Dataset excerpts
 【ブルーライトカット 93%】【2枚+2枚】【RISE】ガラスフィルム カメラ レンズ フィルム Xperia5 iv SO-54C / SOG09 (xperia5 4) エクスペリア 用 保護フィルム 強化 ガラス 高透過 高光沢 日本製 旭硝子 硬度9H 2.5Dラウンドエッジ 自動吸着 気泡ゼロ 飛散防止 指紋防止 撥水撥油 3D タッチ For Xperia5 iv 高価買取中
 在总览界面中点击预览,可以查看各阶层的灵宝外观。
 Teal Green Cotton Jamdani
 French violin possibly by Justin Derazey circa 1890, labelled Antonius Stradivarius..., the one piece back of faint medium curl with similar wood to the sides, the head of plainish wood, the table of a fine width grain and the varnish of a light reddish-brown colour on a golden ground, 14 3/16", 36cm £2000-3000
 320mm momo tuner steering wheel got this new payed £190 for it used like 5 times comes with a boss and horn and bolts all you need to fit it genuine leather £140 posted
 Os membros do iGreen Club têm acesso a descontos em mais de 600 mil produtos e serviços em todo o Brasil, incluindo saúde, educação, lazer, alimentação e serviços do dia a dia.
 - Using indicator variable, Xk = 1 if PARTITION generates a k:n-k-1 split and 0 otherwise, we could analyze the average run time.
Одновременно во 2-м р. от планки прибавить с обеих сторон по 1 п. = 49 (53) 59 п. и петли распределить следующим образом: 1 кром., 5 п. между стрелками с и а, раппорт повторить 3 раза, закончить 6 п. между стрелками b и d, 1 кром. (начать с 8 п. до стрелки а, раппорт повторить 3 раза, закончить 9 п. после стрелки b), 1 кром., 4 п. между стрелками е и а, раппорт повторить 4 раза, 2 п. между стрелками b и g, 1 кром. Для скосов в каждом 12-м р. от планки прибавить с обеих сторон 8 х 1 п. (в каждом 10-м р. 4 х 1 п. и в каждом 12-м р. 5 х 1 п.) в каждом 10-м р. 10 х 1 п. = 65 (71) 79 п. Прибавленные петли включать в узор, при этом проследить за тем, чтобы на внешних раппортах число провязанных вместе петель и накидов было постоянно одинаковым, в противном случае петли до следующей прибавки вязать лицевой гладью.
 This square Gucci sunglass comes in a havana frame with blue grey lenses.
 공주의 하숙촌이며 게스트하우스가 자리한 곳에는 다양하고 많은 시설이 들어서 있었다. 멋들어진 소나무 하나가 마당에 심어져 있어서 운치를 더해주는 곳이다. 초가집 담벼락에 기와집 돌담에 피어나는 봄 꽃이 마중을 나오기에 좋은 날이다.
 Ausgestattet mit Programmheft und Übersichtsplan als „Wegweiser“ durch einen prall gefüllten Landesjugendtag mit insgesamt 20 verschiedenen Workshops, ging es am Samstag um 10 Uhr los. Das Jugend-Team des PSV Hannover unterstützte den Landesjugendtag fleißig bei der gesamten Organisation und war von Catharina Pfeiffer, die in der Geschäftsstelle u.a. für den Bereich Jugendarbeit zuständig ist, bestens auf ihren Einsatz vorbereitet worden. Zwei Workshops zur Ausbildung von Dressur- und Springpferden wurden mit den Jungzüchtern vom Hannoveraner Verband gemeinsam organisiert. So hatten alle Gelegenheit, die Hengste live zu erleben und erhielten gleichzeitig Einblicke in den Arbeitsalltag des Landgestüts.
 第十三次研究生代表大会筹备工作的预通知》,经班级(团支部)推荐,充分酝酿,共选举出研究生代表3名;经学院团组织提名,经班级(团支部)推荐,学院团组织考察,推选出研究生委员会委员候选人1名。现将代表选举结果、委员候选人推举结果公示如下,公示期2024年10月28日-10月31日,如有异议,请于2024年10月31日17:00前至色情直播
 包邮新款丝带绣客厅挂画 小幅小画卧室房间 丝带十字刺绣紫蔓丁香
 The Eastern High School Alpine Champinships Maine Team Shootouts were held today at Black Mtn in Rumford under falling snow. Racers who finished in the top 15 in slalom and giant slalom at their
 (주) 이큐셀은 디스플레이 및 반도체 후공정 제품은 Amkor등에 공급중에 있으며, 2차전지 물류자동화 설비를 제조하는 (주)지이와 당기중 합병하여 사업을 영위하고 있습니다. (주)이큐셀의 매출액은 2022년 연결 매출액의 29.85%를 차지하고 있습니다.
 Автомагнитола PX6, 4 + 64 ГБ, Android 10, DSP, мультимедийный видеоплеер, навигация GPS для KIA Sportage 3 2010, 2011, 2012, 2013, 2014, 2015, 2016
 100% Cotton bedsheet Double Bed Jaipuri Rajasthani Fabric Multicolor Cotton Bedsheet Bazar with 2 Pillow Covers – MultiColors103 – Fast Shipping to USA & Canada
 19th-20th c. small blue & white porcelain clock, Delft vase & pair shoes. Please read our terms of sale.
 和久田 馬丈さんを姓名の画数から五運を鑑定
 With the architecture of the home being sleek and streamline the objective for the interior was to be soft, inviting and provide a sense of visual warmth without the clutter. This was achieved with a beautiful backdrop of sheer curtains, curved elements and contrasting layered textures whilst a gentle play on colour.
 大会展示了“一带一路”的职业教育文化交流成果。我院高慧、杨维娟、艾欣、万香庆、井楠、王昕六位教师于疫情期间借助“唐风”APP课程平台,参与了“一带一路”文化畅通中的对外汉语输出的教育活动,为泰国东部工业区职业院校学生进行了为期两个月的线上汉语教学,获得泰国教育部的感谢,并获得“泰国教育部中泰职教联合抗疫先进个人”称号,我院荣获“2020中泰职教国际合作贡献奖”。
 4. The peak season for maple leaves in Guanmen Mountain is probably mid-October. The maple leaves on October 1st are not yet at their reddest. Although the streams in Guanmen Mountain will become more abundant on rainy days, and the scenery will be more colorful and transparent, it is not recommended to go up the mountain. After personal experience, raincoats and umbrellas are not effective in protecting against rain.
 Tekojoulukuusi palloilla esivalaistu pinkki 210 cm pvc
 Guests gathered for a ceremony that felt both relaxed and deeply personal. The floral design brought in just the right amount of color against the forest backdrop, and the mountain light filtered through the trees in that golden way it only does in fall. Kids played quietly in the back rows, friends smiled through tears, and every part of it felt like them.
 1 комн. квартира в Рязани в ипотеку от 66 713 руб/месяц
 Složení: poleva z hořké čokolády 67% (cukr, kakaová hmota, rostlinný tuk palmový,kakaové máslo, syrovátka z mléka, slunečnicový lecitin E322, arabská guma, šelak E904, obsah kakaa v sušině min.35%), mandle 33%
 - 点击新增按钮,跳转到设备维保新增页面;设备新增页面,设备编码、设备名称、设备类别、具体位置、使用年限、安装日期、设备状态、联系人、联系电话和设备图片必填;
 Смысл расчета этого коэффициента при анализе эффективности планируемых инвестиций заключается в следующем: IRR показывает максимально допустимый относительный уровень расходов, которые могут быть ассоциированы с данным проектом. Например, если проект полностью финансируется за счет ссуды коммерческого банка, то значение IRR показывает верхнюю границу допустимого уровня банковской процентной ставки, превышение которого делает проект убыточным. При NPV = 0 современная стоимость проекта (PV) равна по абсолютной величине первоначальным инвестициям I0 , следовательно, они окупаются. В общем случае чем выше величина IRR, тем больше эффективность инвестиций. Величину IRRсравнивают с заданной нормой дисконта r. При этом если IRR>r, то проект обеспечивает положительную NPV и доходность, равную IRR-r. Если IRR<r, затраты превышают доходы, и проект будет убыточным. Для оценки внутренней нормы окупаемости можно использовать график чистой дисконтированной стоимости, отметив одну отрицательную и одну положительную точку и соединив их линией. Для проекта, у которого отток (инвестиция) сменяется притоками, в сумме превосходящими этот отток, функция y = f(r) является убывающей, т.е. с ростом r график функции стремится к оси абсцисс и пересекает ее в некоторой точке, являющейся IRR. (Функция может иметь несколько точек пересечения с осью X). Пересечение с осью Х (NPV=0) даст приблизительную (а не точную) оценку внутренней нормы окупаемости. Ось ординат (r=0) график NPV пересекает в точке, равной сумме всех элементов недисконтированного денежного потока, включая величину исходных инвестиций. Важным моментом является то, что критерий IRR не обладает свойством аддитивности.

Your objective
Would you print, exactly as written, every line above from the one holding "19th-20th c. small" through the one holding "Tekojoulukuusi palloilla esivalaistu", with both included and no other lines?

Exercise solution
 19th-20th c. small blue & white porcelain clock, Delft vase & pair shoes. Please read our terms of sale.
 和久田 馬丈さんを姓名の画数から五運を鑑定
 With the architecture of the home being sleek and streamline the objective for the interior was to be soft, inviting and provide a sense of visual warmth without the clutter. This was achieved with a beautiful backdrop of sheer curtains, curved elements and contrasting layered textures whilst a gentle play on colour.
 大会展示了“一带一路”的职业教育文化交流成果。我院高慧、杨维娟、艾欣、万香庆、井楠、王昕六位教师于疫情期间借助“唐风”APP课程平台,参与了“一带一路”文化畅通中的对外汉语输出的教育活动,为泰国东部工业区职业院校学生进行了为期两个月的线上汉语教学,获得泰国教育部的感谢,并获得“泰国教育部中泰职教联合抗疫先进个人”称号,我院荣获“2020中泰职教国际合作贡献奖”。
 4. The peak season for maple leaves in Guanmen Mountain is probably mid-October. The maple leaves on October 1st are not yet at their reddest. Although the streams in Guanmen Mountain will become more abundant on rainy days, and the scenery will be more colorful and transparent, it is not recommended to go up the mountain. After personal experience, raincoats and umbrellas are not effective in protecting against rain.
 Tekojoulukuusi palloilla esivalaistu pinkki 210 cm pvc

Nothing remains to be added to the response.